En el principio creó Dios los cielos y la tierra. Y dijo Dios: “sepárense las aguas de la tierra”; y así fue. Entonces el creador ordenó: hágase el chivo cojú, el cambrón y el orégano; que surja del mar y la tierra la sal cargada de yodo y el ají montesino; el ajo y el tomate. Y los dejó Dios como señal divina de la necesidad de negociar entre comunidades. Y de esas permutaciones salió el mejor chivo picante del mundo.

Así anduvo Dios por la tierra creando cuanto se le ocurrió. Su activismo ilimitado y la emoción de saberse el génesis de la existencia no le dejaba espacio para una tregua. Y se quedó Dios extasiado por el reflejo de la luz solar que jugueteaba y se expandía por las paredes de un monte imponente y de una belleza sin igual.

El éxtasis prolongado se sumó al cansancio de seis días de intenso trabajo y se agotó. Y dijo Dios: superar tal agotamiento requiere un descanso profundo, sin interrupciones. Fue entonces que decidió subir al monte, seguro de que hasta allí no llegaría el ruido de los “colmadones” y la “cháchara” electorera de los políticos y el gobierno.

Embriagado por el resplandor de la luna sobre el monte, durmió toda la noche. E incluso se quedó  adormecido hasta después del meridiano del séptimo día. La confluencia del sol con el agua y la sal, le invitaban a levantarse, animado por los efluvios de una fuerza, que no era más que la suya propia. Y por lo tanto irresistible. Entonces se levantó.

Desde lo alto del monte contempló las profundidades de la tierra y la inmensidad del firmamento. Fue una sola mirada como la de un toro enmascarado en la calva montañosa.

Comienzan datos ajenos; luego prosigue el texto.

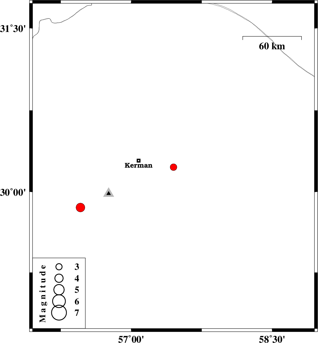 | 2024/11/05 | 03:40:31.3 | 07:10:31.3 | 30.227 | 57.45 | 10 | ML:3.3 | Kerman Province, 36 km -East of Kerman | ||

Ensimismado con cada detalle de su obra creadora, observaba el trajinar de los pescadores en Manzanillo saliendo del puerto de calado profundo. Miraba los guineos de Palo Verde y la hermosura de Cayo Arena; veía la primera edificación prefabricada en la isla, traída desde Francia y, más allá del espeso mar, vio a Cabo Haitiano y se sorprendió al caer en la cuenta de que había hecho dos ciudades casi iguales.

El Señor regresó sus ojos al entorno del monte. Como si buscara algo significativo, fuera de lo común. Avizoró las playas hermosas y las salinas, los obreros trabajando sin descanso para extraer la sal y, en una vuelta brusca de la mirada, sus ojos grandes y expresivos  se encontraron con el reloj instalado en el centro del parque, frente al templo de San Fernando, anunciándole lo avanzado de la hora.

El hambre le aguijoneó el estómago como si Satanás estuviera tentando la voluntad celestial. Y Jehová entonces, provocando el maligno, llamó con su voz de trueno a Caín, quien apareció al instante. Y el creador le dijo: vete de un brinco a Constanza y trae ajo, recaíto verde y salsa de tomate; llévate esa quijá de burro para que de regreso mates un chivo y lo traes aquí.  Tu hermano Abel traerá los guineos y se encargará del resto.

El “reperpero” causado por las protestas de Caín ante los privilegios de Abel y el posterior “run run” de los preparativos del majar, atrajo al lugar a Alejandro Dumas, quien creía estar ahí solo con la compañía de un monje, y cuyo lugar estos llamaban “El Monte de Cristo”.

Horas después todos degustaron el suculento guiso picante.

Las historias, cuentos y leyendas se fijan y se expanden al paso del tiempo. En la construcción del mito se produce la unión de los vocablos Monte y Cristo, generando el de Montecristi. Dumas le escribió su célebre obra “El Conde de Monte Cristo”.

Las versiones de los lugareños no siempre coinciden con los grandes relatos universales, pero los montecristeños son dueños de sus realidades y sus sueños.

Ésta es la génesis de San Fernando de Montecristi, único destino universal donde se degusta el mejor chivo picante, el cual se sazona en vida porque respira salitre, bebe agua salobre y se alimenta de orégano silvestre y otras especias.